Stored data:
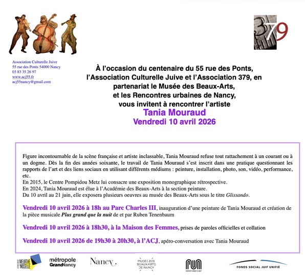 L'ACJ et l'association 379, en partenariat avec le Musée des Beaux-Arts et les Rencontres urbaines de Nancy, vous invitent à rencontrer l'artiste Tania Mouraud.
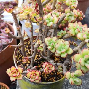 冬の間、長男の部屋に取り入れていた多肉たちを外へ出した🥳 水やりと枯葉取りもしてスッキリ✨ 木立アロマティカス🥰めちゃ可愛い💕
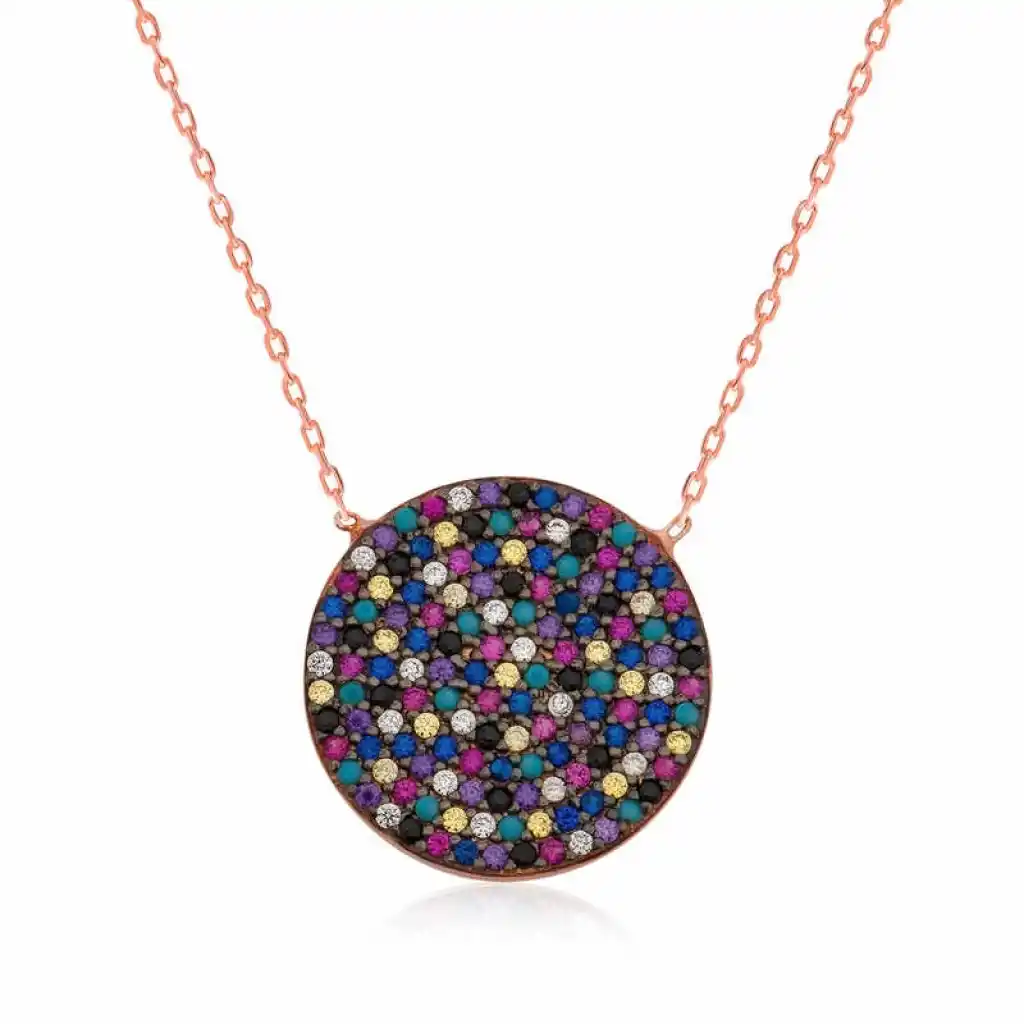 Kalbimizin ve ruhumuzun en eğlenceli tarafı olan rengarenk hayal dünyamızın yansıması özel tasarım renkli kolyeler... Bu şık kolyeyi doğum günü hediyesi, sevgililer günü hediyesi veya annelere hediye olarak özel günlerde tercih edilebilecek mükemmel bir seçenektir. Renkli bayan kolye 925 ayar gümüşten üretilmiştir. Gümüş kolyenin zincir uzunluğu 45 cm’dir. Gümüş üzerine rose kaplama yapılmıştır. Rose kaplama yapılan bayan kolyeler parlaklığını uzun süre muhafaza eder, gümüş rengini pembe renge dönüştürür ve oksitlenmeyi geciktirir. Tüm gümüş kolyelerde olduğu gibi gümüş renkli bayan kolye de el emeği ile üretilmiştir. Gümüş ve değerli taşlar nedeniyle belirtilen ürün ağırlığında ± %10 sapma olabilmektedir.
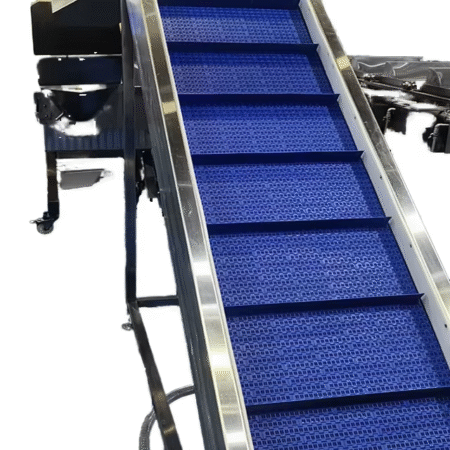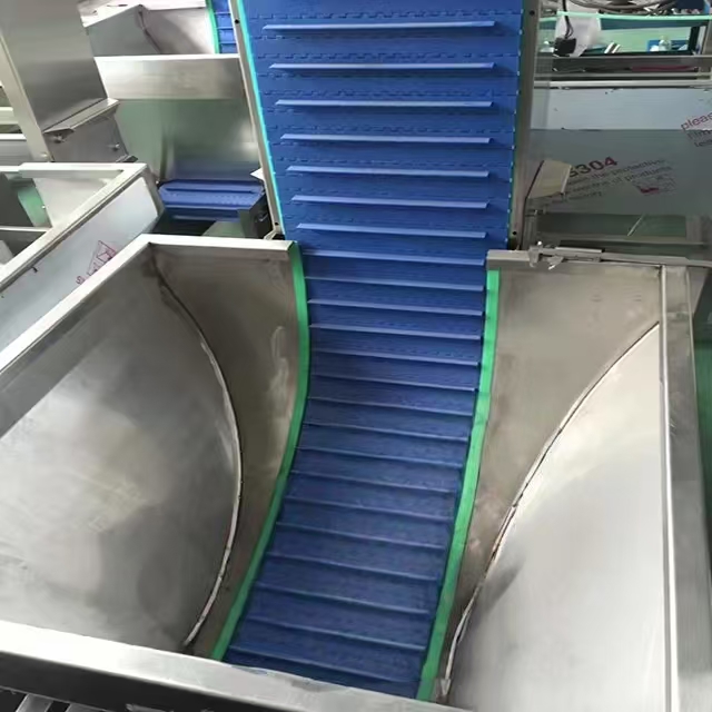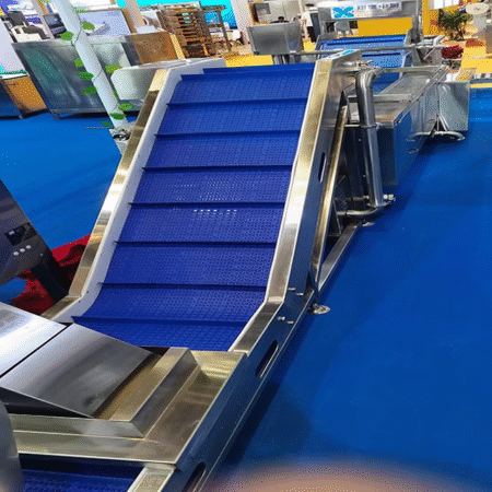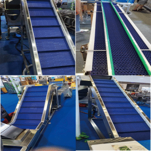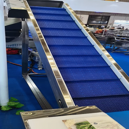 This conveyor belt equipment features a stainless – steel frame, which is sturdy, durable, and easy to clean. It is suitable for various industries such as food and chemical industries. The blue mesh belt is breathable and less likely to stick to materials, effectively preventing blockages. The inclined conveying angle can be flexibly adjusted to meet different conveying requirements, significantly enhancing the material flow efficiency in the production process.
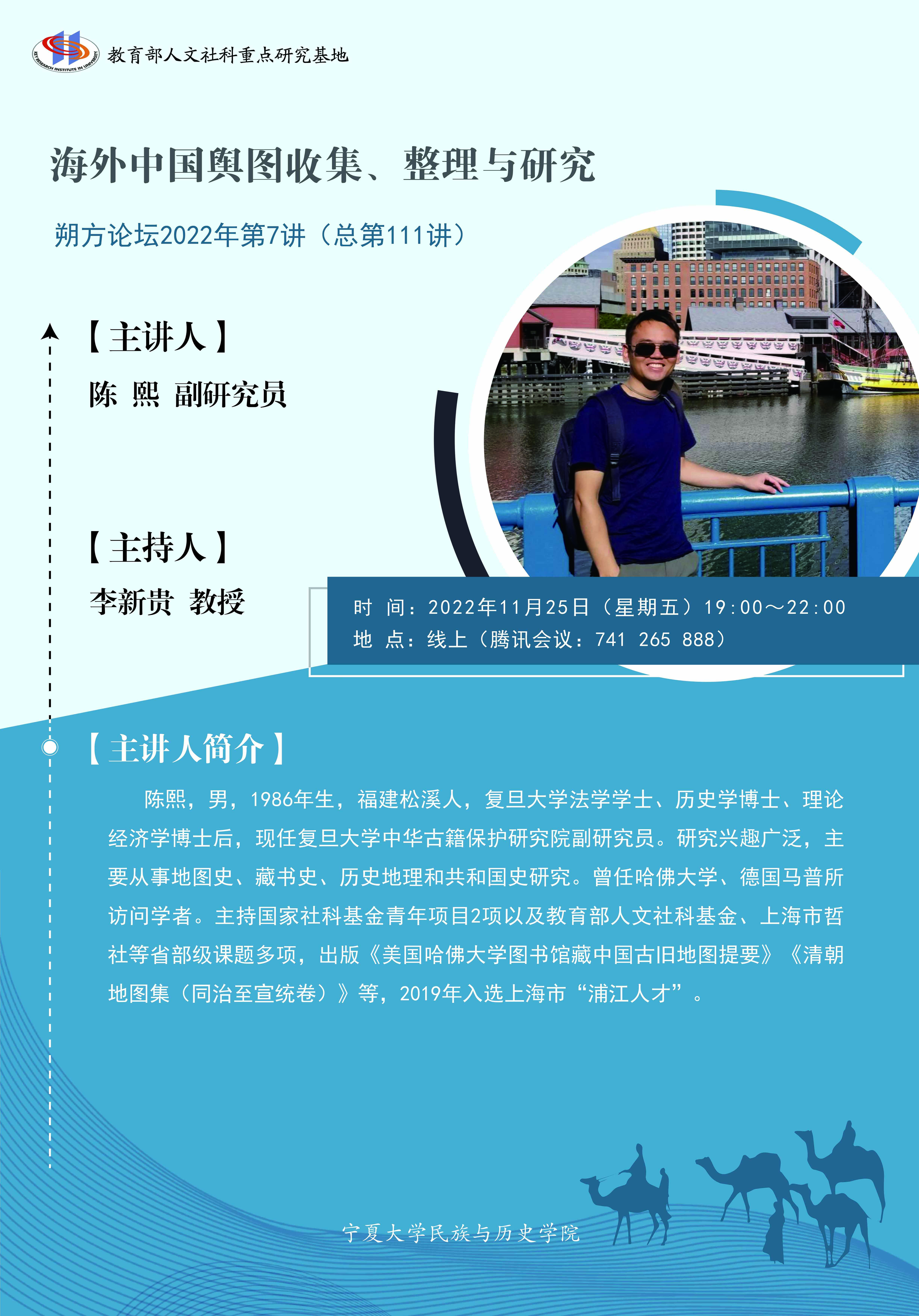 陈熙,男,1986年生,福建松溪人,复旦大学法学学士、历史学博士、理论经济学博士后,现任复旦大学中华古籍保护研究院副研究员。研究兴趣广泛,主要从事地图史、藏书史、历史地理和共和国史研究。曾任哈佛大学、德国马普所访问学者。主持国家社科基金青年项目2项以及教育部人文社科基金、上海市哲社等省部级课题多项,出版《美国哈佛大学图书馆藏中国古旧地图提要》《清朝地图集(同治至宣统卷)》等,2019年入选上海市“浦江人才”。
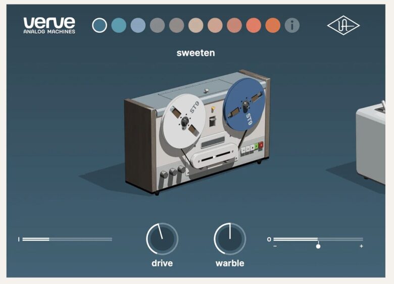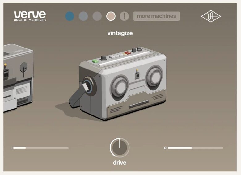 Verve Analog Machines Essentialsは「4つのアナログテープマシン」を1つのプラグインに統合しました。各機種のユニークなサチュレーション特性を「ワンノブ」シンプル操作で切り替えられます。
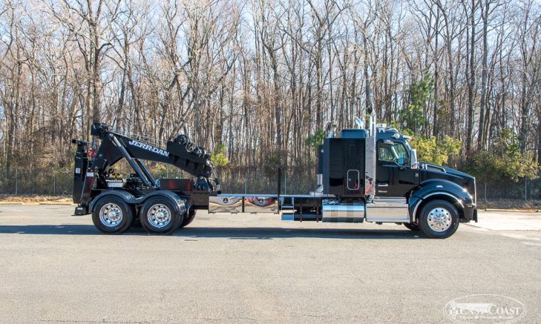 This new 2024 Kenworth T880 with Sleeper, outfitted with a Jerr-Dan 25-Ton Integrated Wrecker, is a dedicated tow truck built with long-haul work in mind.
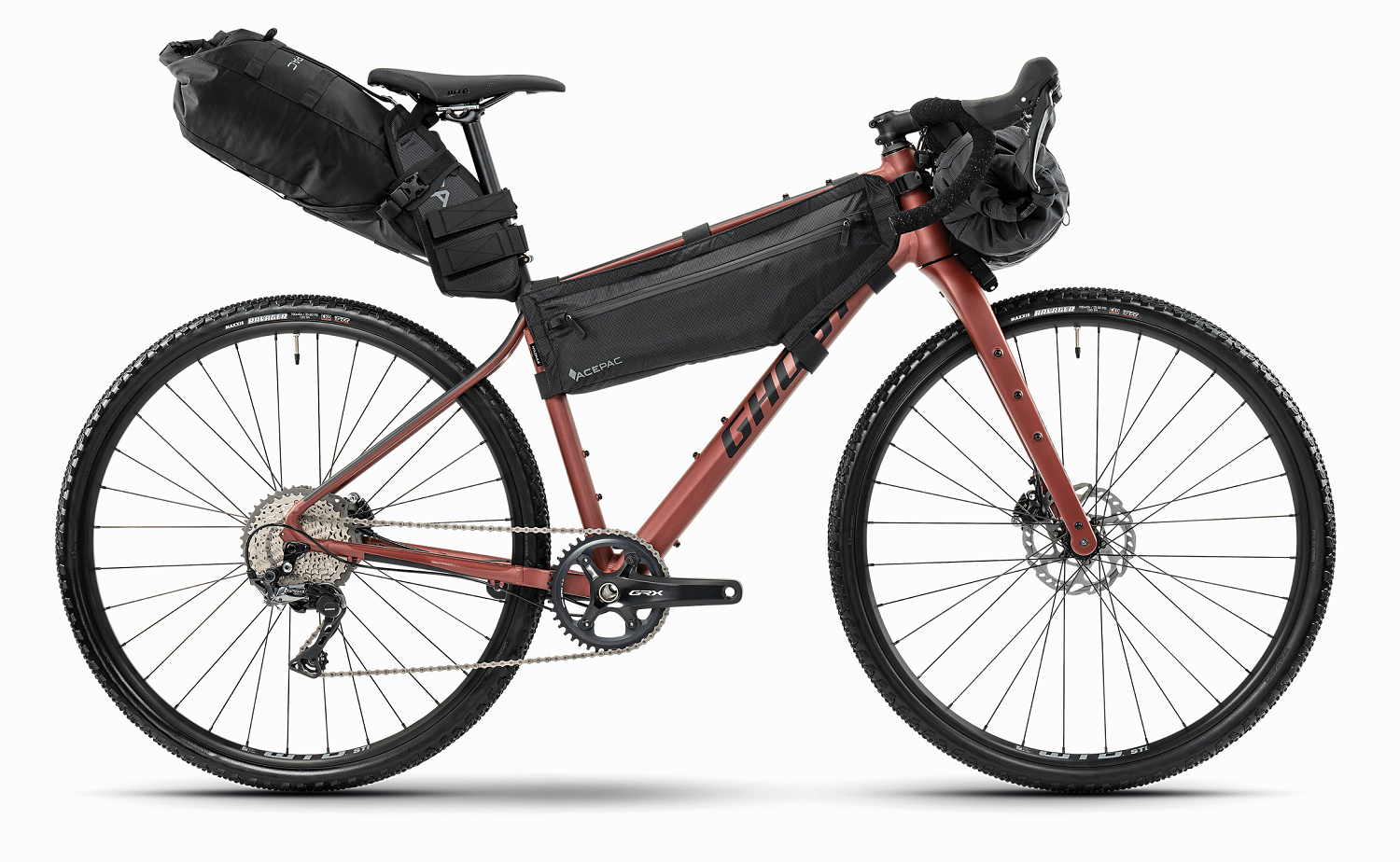 GHOST Asket prináša nový a svieži vietor medzi gravel-bikami. Postavený na hliníkovom, viac uvoľnene a dobrodružne pojatom ráme a pevnej karbónovej vidlici ponúka štandardné gravelové obutie Maxxis Ravager 700x40c. Vďaka dlhšej vidlici má vyššie položené hlavové zloženie, zatiaľ čo zadná časť rámu sa znateľne zvažuje. Hravá geometria priamo nabáda k otestovaniu na štrkovom teréne. Jeho výbavu tvorí pohon Shimano GRX 1×11 prevodov a výkonnej brzdy Shimano. Variant EQ sa navyše chváli kompletnou sadou tašiek pre bikepacking. Osedlajte Asket a vyskúšajte jeho stabilitu a odolnosť!
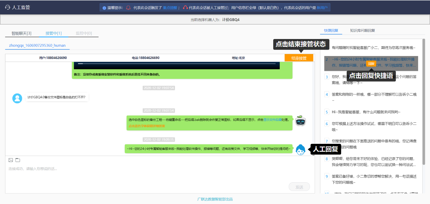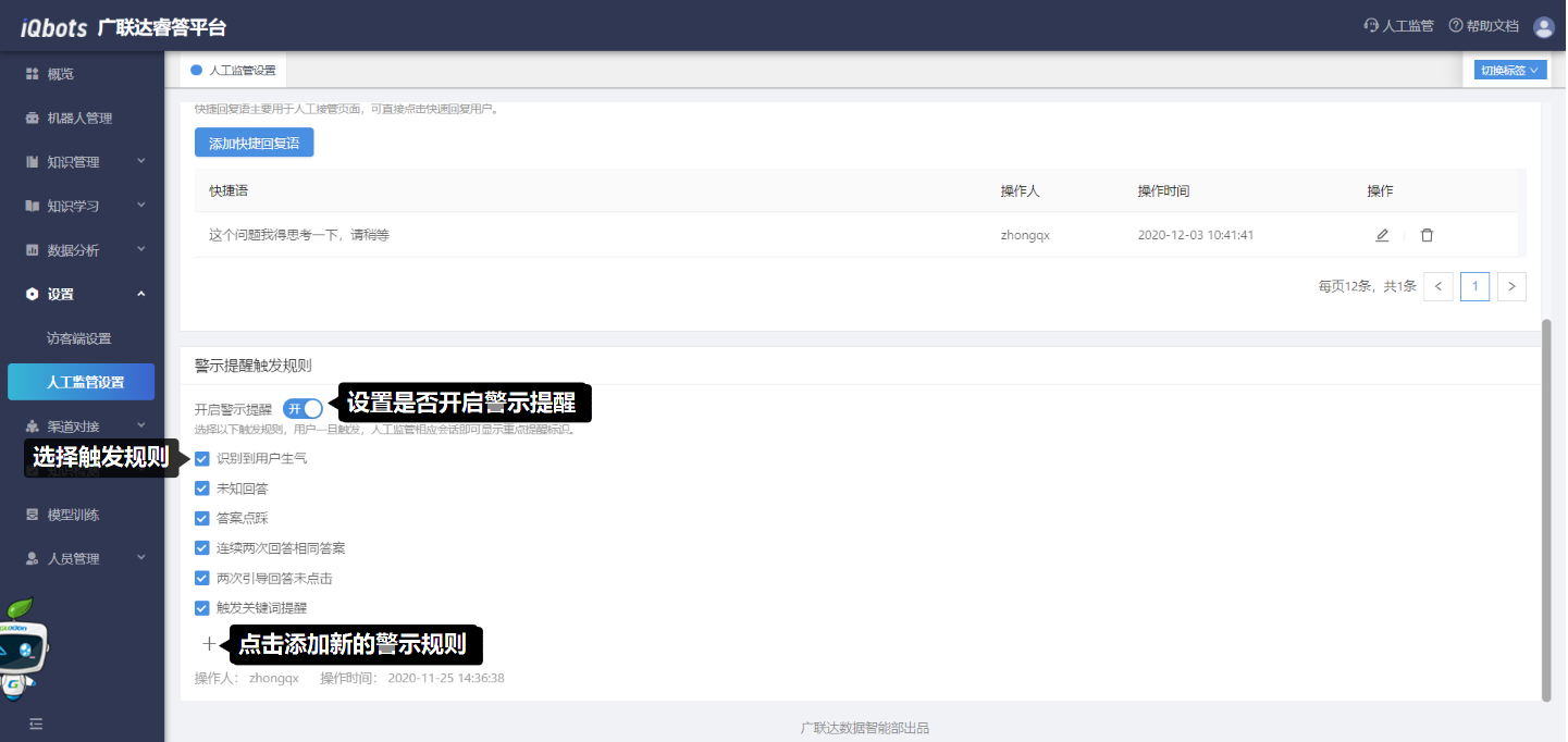 用于设置快捷回复语和警示提醒触发规则,若用户触发了设置好的警示规则,则人工监管相应会话会显示重点提醒标识;同时在人工接管页面中人工客服可以直接点击配置好的快捷回复语回复用户。

AIM OF THE TASK:
Leave out the pictures and set down all of the data exactly.

OUTPUT OF THE TASK:
 L'ACJ et l'association 379, en partenariat avec le Musée des Beaux-Arts et les Rencontres urbaines de Nancy, vous invitent à rencontrer l'artiste Tania Mouraud.
 冬の間、長男の部屋に取り入れていた多肉たちを外へ出した🥳 水やりと枯葉取りもしてスッキリ✨ 木立アロマティカス🥰めちゃ可愛い💕
 Kalbimizin ve ruhumuzun en eğlenceli tarafı olan rengarenk hayal dünyamızın yansıması özel tasarım renkli kolyeler... Bu şık kolyeyi doğum günü hediyesi, sevgililer günü hediyesi veya annelere hediye olarak özel günlerde tercih edilebilecek mükemmel bir seçenektir. Renkli bayan kolye 925 ayar gümüşten üretilmiştir. Gümüş kolyenin zincir uzunluğu 45 cm’dir. Gümüş üzerine rose kaplama yapılmıştır. Rose kaplama yapılan bayan kolyeler parlaklığını uzun süre muhafaza eder, gümüş rengini pembe renge dönüştürür ve oksitlenmeyi geciktirir. Tüm gümüş kolyelerde olduğu gibi gümüş renkli bayan kolye de el emeği ile üretilmiştir. Gümüş ve değerli taşlar nedeniyle belirtilen ürün ağırlığında ± %10 sapma olabilmektedir.
 This conveyor belt equipment features a stainless – steel frame, which is sturdy, durable, and easy to clean. It is suitable for various industries such as food and chemical industries. The blue mesh belt is breathable and less likely to stick to materials, effectively preventing blockages. The inclined conveying angle can be flexibly adjusted to meet different conveying requirements, significantly enhancing the material flow efficiency in the production process.
 陈熙,男,1986年生,福建松溪人,复旦大学法学学士、历史学博士、理论经济学博士后,现任复旦大学中华古籍保护研究院副研究员。研究兴趣广泛,主要从事地图史、藏书史、历史地理和共和国史研究。曾任哈佛大学、德国马普所访问学者。主持国家社科基金青年项目2项以及教育部人文社科基金、上海市哲社等省部级课题多项,出版《美国哈佛大学图书馆藏中国古旧地图提要》《清朝地图集(同治至宣统卷)》等,2019年入选上海市“浦江人才”。
 Verve Analog Machines Essentialsは「4つのアナログテープマシン」を1つのプラグインに統合しました。各機種のユニークなサチュレーション特性を「ワンノブ」シンプル操作で切り替えられます。
 This new 2024 Kenworth T880 with Sleeper, outfitted with a Jerr-Dan 25-Ton Integrated Wrecker, is a dedicated tow truck built with long-haul work in mind.
 GHOST Asket prináša nový a svieži vietor medzi gravel-bikami. Postavený na hliníkovom, viac uvoľnene a dobrodružne pojatom ráme a pevnej karbónovej vidlici ponúka štandardné gravelové obutie Maxxis Ravager 700x40c. Vďaka dlhšej vidlici má vyššie položené hlavové zloženie, zatiaľ čo zadná časť rámu sa znateľne zvažuje. Hravá geometria priamo nabáda k otestovaniu na štrkovom teréne. Jeho výbavu tvorí pohon Shimano GRX 1×11 prevodov a výkonnej brzdy Shimano. Variant EQ sa navyše chváli kompletnou sadou tašiek pre bikepacking. Osedlajte Asket a vyskúšajte jeho stabilitu a odolnosť!
 用于设置快捷回复语和警示提醒触发规则,若用户触发了设置好的警示规则,则人工监管相应会话会显示重点提醒标识;同时在人工接管页面中人工客服可以直接点击配置好的快捷回复语回复用户。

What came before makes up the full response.